#### [INFORMATION]
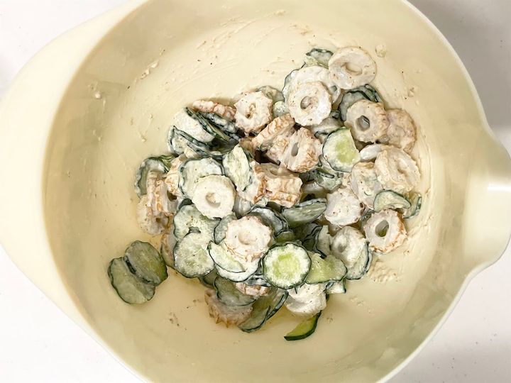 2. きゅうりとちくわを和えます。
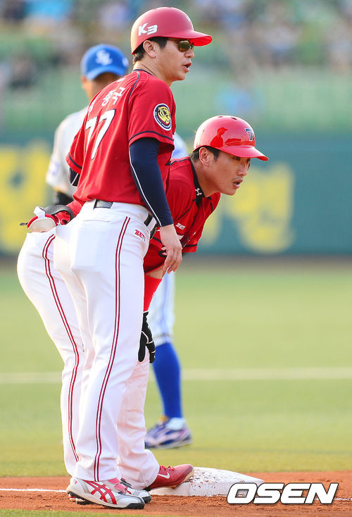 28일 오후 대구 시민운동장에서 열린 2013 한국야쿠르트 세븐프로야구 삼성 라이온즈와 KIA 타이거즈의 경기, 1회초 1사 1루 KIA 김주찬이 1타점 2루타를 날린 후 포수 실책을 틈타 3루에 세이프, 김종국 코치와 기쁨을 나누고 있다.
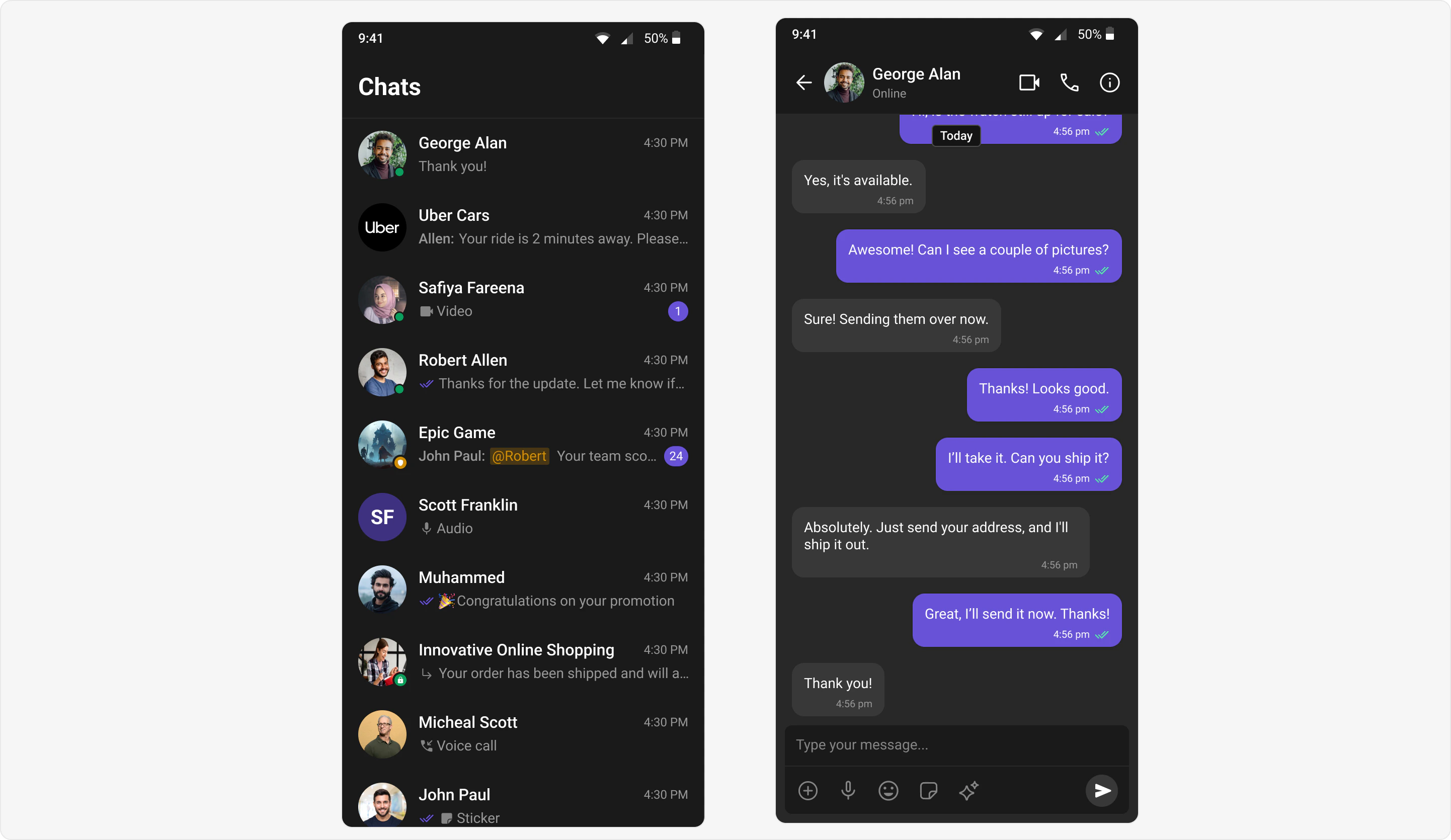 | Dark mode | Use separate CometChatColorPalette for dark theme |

==

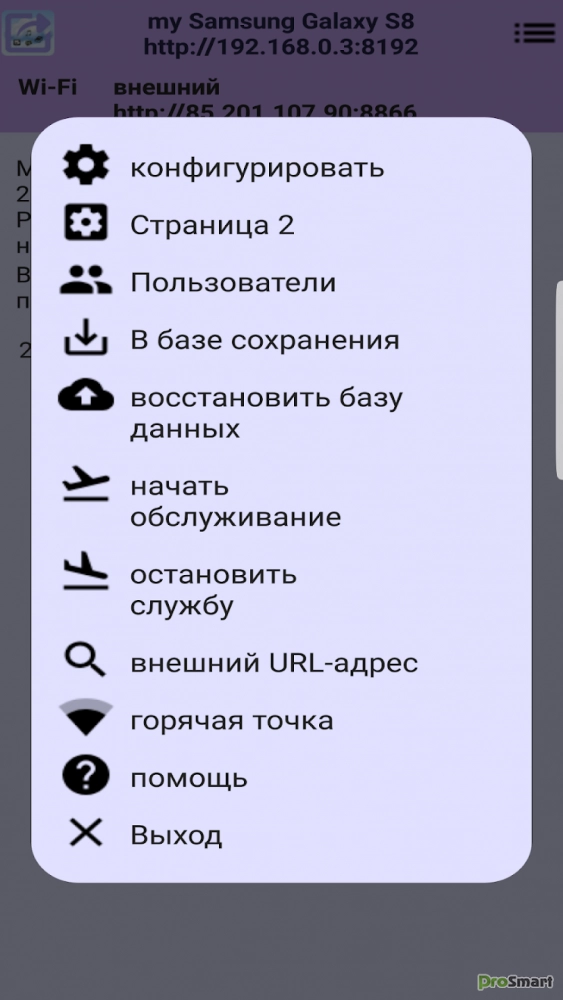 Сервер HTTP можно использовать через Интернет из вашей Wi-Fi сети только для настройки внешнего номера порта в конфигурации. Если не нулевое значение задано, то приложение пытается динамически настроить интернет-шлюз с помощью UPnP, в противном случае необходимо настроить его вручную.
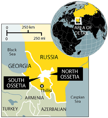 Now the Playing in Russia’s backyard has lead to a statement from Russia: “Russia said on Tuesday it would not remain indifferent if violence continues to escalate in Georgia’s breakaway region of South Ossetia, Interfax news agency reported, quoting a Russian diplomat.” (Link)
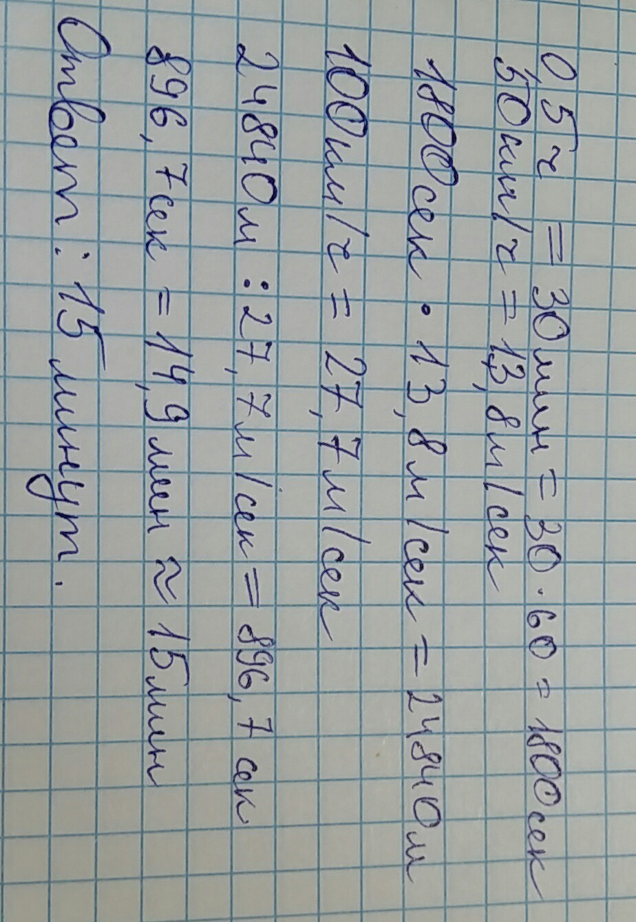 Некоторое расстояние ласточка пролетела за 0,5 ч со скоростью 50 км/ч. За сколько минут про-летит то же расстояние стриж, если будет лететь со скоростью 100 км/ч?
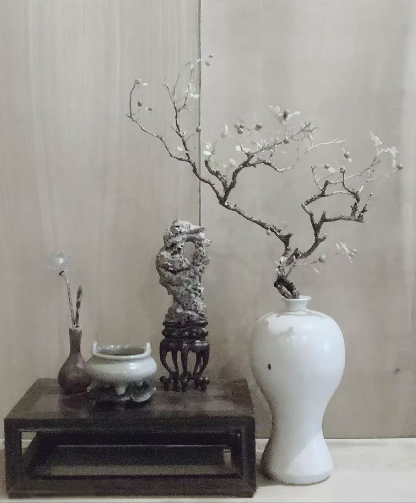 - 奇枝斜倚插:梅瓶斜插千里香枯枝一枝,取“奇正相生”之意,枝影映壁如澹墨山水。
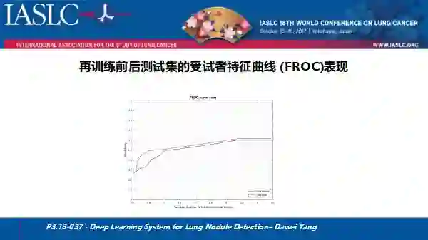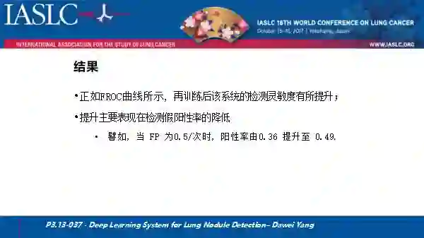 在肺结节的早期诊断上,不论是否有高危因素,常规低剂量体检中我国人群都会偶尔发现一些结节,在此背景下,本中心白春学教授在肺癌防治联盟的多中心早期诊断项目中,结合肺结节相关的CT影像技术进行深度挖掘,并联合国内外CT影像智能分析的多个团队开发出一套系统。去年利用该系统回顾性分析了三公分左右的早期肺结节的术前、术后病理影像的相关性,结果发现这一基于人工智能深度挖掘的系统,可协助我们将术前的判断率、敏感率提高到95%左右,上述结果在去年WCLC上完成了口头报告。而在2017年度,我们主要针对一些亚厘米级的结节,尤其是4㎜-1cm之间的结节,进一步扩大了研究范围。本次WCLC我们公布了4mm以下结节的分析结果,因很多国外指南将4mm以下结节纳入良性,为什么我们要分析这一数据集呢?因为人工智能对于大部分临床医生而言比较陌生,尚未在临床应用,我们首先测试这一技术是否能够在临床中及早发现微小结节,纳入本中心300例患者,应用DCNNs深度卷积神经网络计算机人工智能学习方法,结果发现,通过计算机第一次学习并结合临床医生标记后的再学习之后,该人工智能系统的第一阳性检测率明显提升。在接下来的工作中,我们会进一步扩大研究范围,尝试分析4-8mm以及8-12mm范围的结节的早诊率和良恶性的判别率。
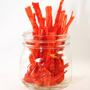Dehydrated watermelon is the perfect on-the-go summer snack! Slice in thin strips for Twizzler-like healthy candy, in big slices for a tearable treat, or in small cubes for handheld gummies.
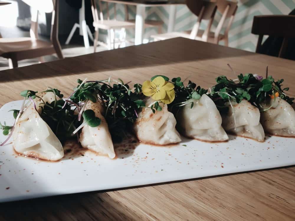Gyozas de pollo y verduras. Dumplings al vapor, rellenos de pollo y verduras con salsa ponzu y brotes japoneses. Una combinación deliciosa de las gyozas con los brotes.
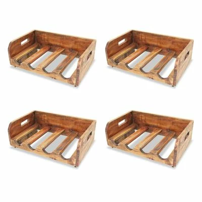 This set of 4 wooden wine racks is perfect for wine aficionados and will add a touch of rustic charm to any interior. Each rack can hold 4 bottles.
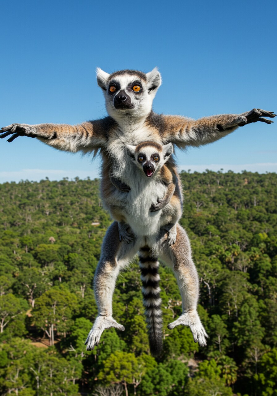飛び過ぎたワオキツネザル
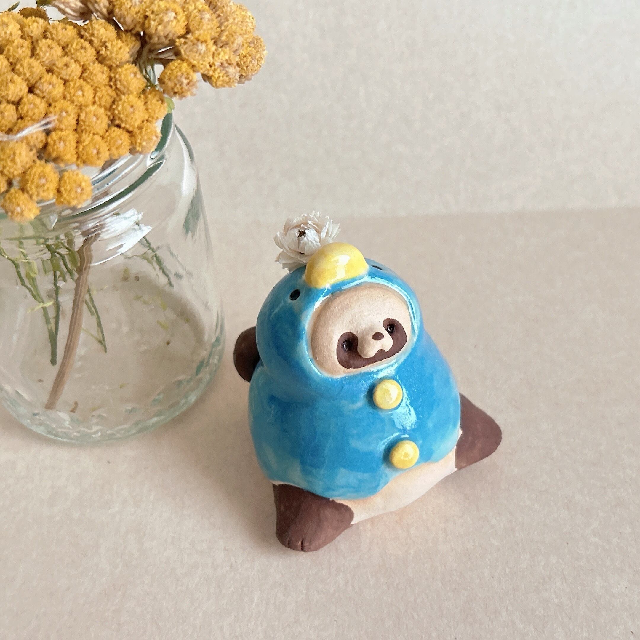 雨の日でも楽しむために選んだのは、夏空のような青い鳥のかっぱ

#### [TASK ITEM]
Would you restate, exactly and with no pictures, the lines of the entries above from the one containing "2. きゅうりとちくわを和えます。" through the one containing "dark theme |"?

#### [RESPONSE FOR THIS EXERCISE]
 2. きゅうりとちくわを和えます。
 28일 오후 대구 시민운동장에서 열린 2013 한국야쿠르트 세븐프로야구 삼성 라이온즈와 KIA 타이거즈의 경기, 1회초 1사 1루 KIA 김주찬이 1타점 2루타를 날린 후 포수 실책을 틈타 3루에 세이프, 김종국 코치와 기쁨을 나누고 있다.
 | Dark mode | Use separate CometChatColorPalette for dark theme |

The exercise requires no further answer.